Emit a verbatim copy of the lines below from the line with "আজ আমি আপনাদের" through the line with "King of Castile", excluding pictures and everything outside that range.

• [Data to examine]:
+++

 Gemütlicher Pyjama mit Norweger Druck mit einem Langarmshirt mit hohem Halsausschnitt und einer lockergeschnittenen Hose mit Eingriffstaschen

+++

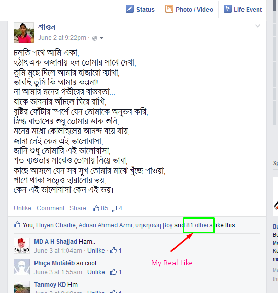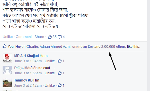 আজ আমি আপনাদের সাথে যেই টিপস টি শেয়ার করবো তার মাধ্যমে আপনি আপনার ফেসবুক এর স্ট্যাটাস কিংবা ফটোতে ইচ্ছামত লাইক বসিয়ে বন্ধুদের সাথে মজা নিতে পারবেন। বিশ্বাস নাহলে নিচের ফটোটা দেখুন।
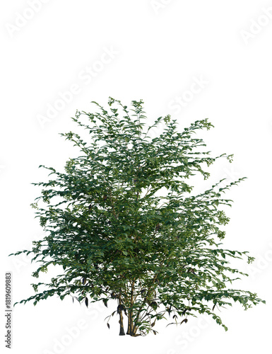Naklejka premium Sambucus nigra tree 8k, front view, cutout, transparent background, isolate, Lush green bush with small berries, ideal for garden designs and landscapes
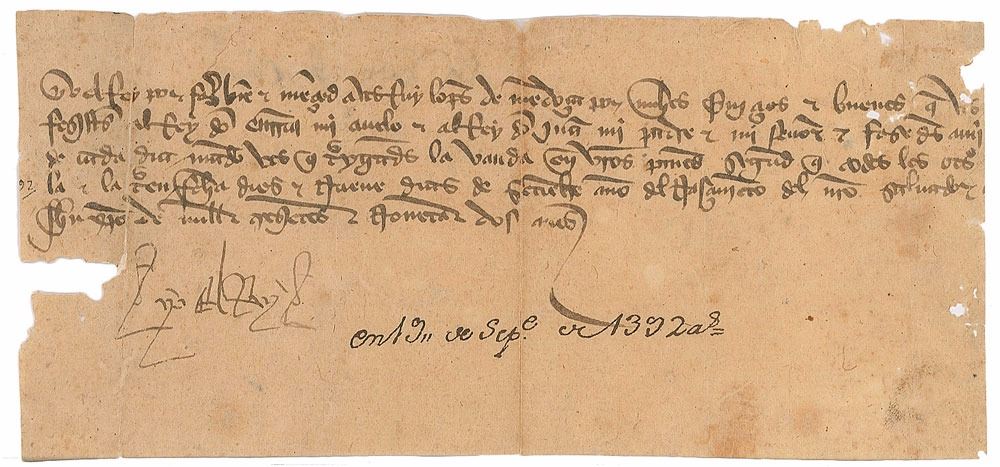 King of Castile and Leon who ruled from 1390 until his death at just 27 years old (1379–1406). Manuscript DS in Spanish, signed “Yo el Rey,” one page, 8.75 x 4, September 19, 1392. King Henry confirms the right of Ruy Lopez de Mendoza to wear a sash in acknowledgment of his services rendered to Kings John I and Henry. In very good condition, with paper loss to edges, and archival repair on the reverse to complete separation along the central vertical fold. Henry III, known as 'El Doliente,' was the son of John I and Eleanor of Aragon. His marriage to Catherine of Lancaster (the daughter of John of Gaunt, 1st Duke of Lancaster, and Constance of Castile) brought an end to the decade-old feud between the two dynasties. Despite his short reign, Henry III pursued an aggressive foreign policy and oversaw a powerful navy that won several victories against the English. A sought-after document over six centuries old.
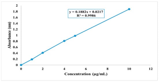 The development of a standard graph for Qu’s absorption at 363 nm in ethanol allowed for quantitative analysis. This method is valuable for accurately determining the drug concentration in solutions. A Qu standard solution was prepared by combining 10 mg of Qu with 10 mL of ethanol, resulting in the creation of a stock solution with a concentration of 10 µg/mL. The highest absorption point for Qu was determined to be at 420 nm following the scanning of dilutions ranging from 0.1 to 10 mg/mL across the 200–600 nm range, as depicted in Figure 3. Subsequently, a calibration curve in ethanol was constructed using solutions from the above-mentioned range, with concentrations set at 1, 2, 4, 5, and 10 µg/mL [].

+++

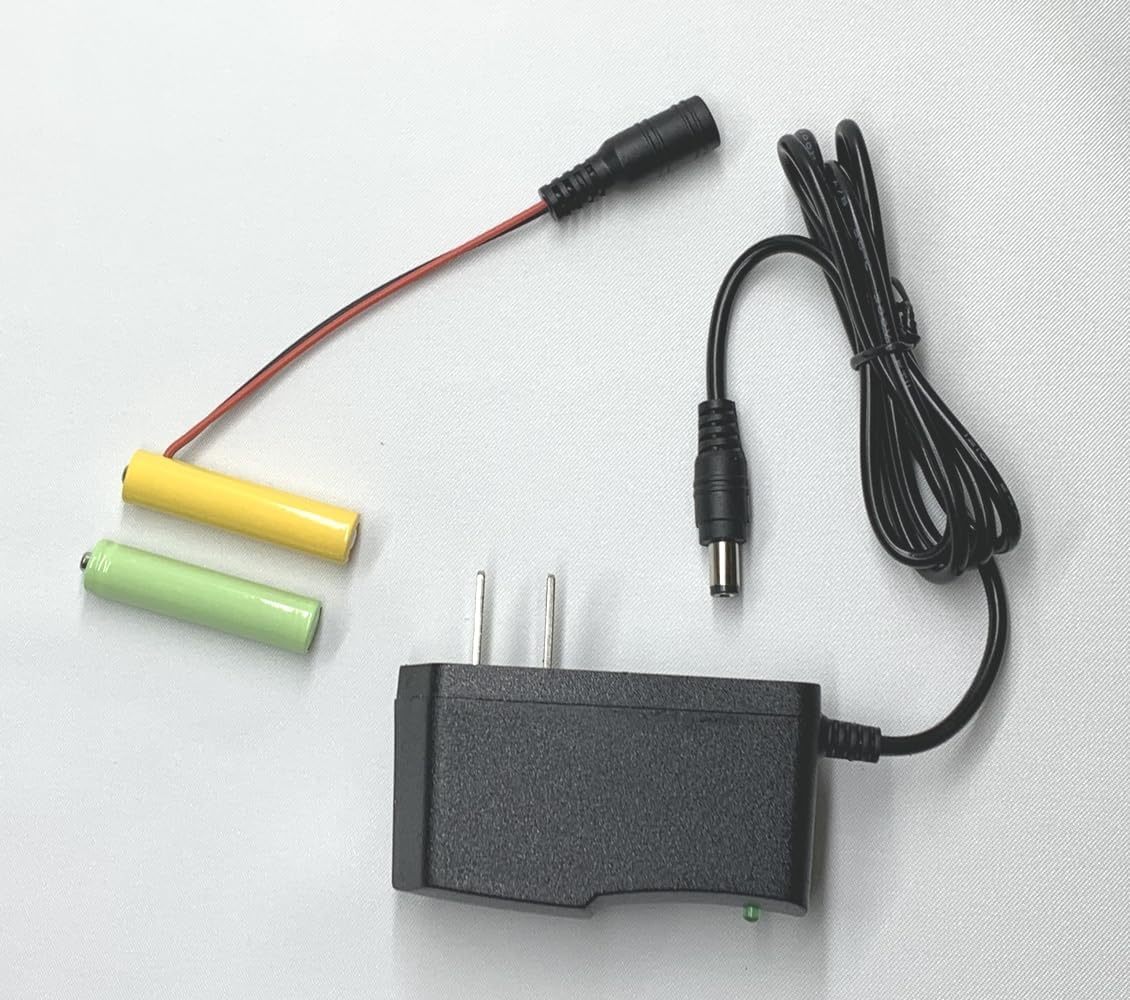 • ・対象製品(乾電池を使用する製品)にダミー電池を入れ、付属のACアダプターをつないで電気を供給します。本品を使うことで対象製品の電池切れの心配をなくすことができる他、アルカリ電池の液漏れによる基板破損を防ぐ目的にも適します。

+++

• [Expected answer]:
 আজ আমি আপনাদের সাথে যেই টিপস টি শেয়ার করবো তার মাধ্যমে আপনি আপনার ফেসবুক এর স্ট্যাটাস কিংবা ফটোতে ইচ্ছামত লাইক বসিয়ে বন্ধুদের সাথে মজা নিতে পারবেন। বিশ্বাস নাহলে নিচের ফটোটা দেখুন।
Naklejka premium Sambucus nigra tree 8k, front view, cutout, transparent background, isolate, Lush green bush with small berries, ideal for garden designs and landscapes
 King of Castile and Leon who ruled from 1390 until his death at just 27 years old (1379–1406). Manuscript DS in Spanish, signed “Yo el Rey,” one page, 8.75 x 4, September 19, 1392. King Henry confirms the right of Ruy Lopez de Mendoza to wear a sash in acknowledgment of his services rendered to Kings John I and Henry. In very good condition, with paper loss to edges, and archival repair on the reverse to complete separation along the central vertical fold. Henry III, known as 'El Doliente,' was the son of John I and Eleanor of Aragon. His marriage to Catherine of Lancaster (the daughter of John of Gaunt, 1st Duke of Lancaster, and Constance of Castile) brought an end to the decade-old feud between the two dynasties. Despite his short reign, Henry III pursued an aggressive foreign policy and oversaw a powerful navy that won several victories against the English. A sought-after document over six centuries old.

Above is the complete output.